> _REQUIRED ACTION_
Every line below is to be given again precisely; images are to be left out.

Items from a dataset:
┏━━

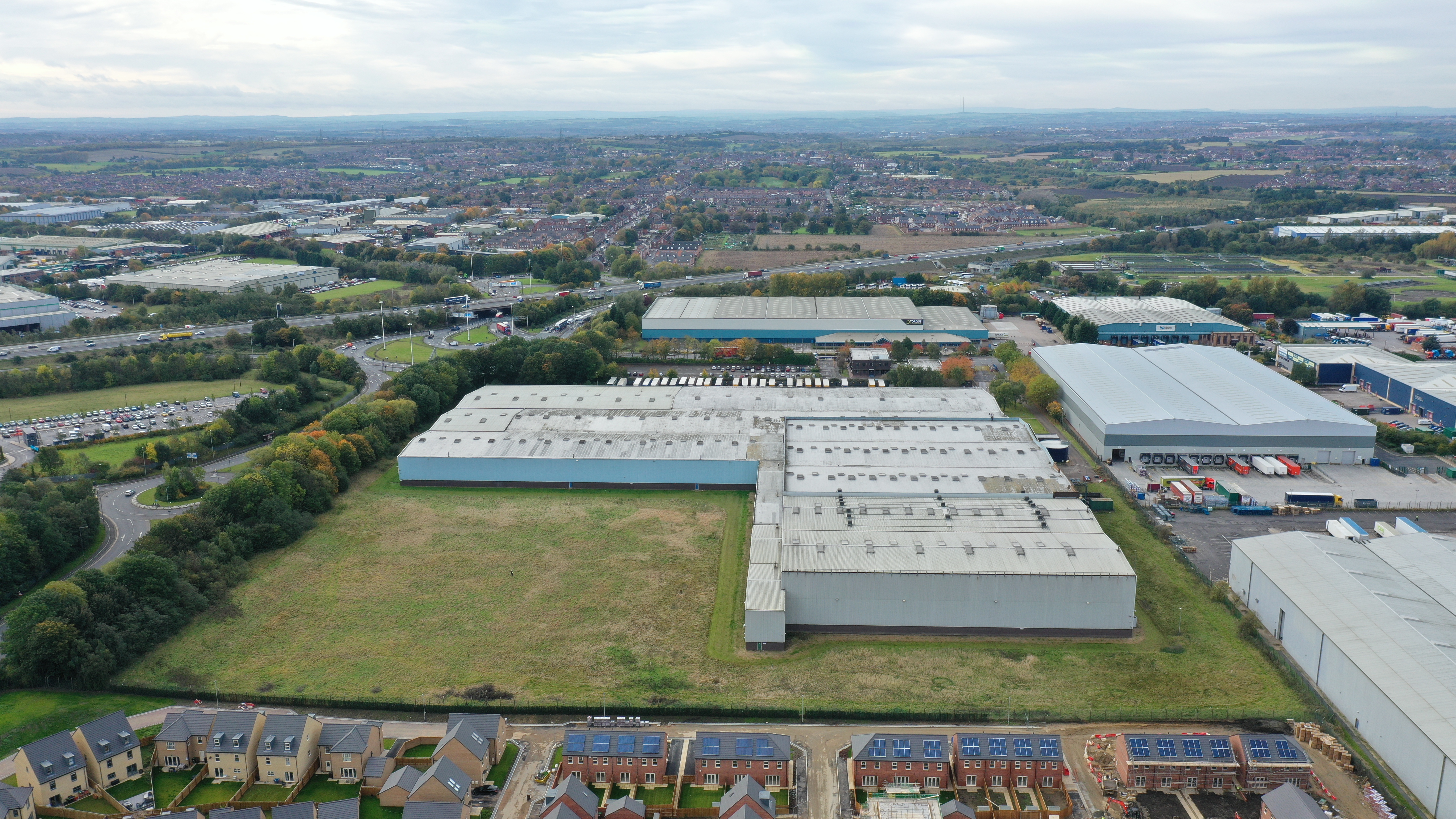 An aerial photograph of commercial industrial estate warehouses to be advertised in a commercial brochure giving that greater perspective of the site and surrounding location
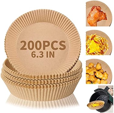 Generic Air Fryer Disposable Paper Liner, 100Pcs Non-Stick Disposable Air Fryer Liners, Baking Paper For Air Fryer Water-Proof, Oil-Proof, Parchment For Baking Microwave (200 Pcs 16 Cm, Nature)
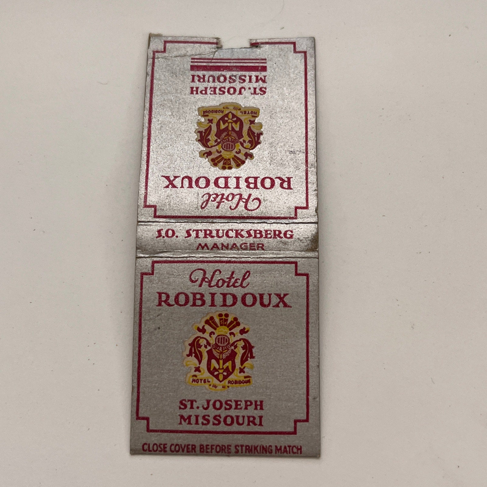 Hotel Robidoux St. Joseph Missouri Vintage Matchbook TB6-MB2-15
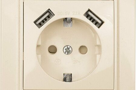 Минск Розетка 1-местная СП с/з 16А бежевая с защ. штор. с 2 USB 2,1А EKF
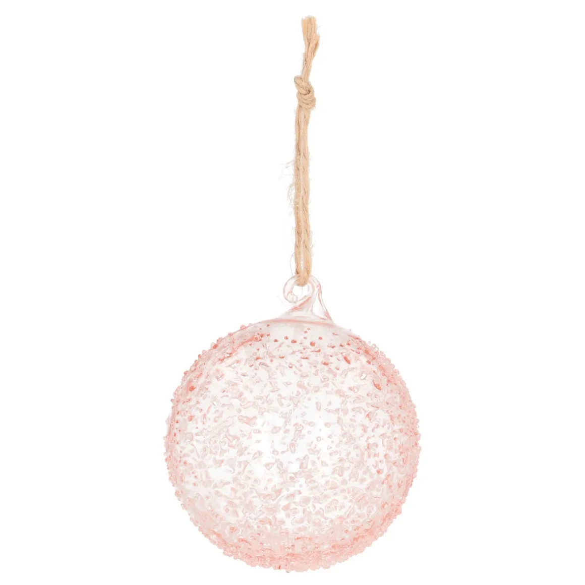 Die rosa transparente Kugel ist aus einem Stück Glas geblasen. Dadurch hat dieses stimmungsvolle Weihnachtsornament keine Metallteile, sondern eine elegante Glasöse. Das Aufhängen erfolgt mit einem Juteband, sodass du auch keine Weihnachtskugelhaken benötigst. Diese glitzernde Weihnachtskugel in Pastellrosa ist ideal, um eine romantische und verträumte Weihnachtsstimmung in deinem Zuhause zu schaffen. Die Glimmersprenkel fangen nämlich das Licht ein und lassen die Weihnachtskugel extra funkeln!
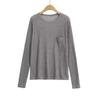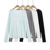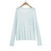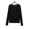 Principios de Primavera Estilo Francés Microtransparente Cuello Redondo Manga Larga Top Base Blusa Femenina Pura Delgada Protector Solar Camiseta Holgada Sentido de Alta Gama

┗━━

> _RESPONSE TO THIS EXERCISE_
 An aerial photograph of commercial industrial estate warehouses to be advertised in a commercial brochure giving that greater perspective of the site and surrounding location
 Generic Air Fryer Disposable Paper Liner, 100Pcs Non-Stick Disposable Air Fryer Liners, Baking Paper For Air Fryer Water-Proof, Oil-Proof, Parchment For Baking Microwave (200 Pcs 16 Cm, Nature)
 Hotel Robidoux St. Joseph Missouri Vintage Matchbook TB6-MB2-15
 Минск Розетка 1-местная СП с/з 16А бежевая с защ. штор. с 2 USB 2,1А EKF
 Die rosa transparente Kugel ist aus einem Stück Glas geblasen. Dadurch hat dieses stimmungsvolle Weihnachtsornament keine Metallteile, sondern eine elegante Glasöse. Das Aufhängen erfolgt mit einem Juteband, sodass du auch keine Weihnachtskugelhaken benötigst. Diese glitzernde Weihnachtskugel in Pastellrosa ist ideal, um eine romantische und verträumte Weihnachtsstimmung in deinem Zuhause zu schaffen. Die Glimmersprenkel fangen nämlich das Licht ein und lassen die Weihnachtskugel extra funkeln!
 Principios de Primavera Estilo Francés Microtransparente Cuello Redondo Manga Larga Top Base Blusa Femenina Pura Delgada Protector Solar Camiseta Holgada Sentido de Alta Gama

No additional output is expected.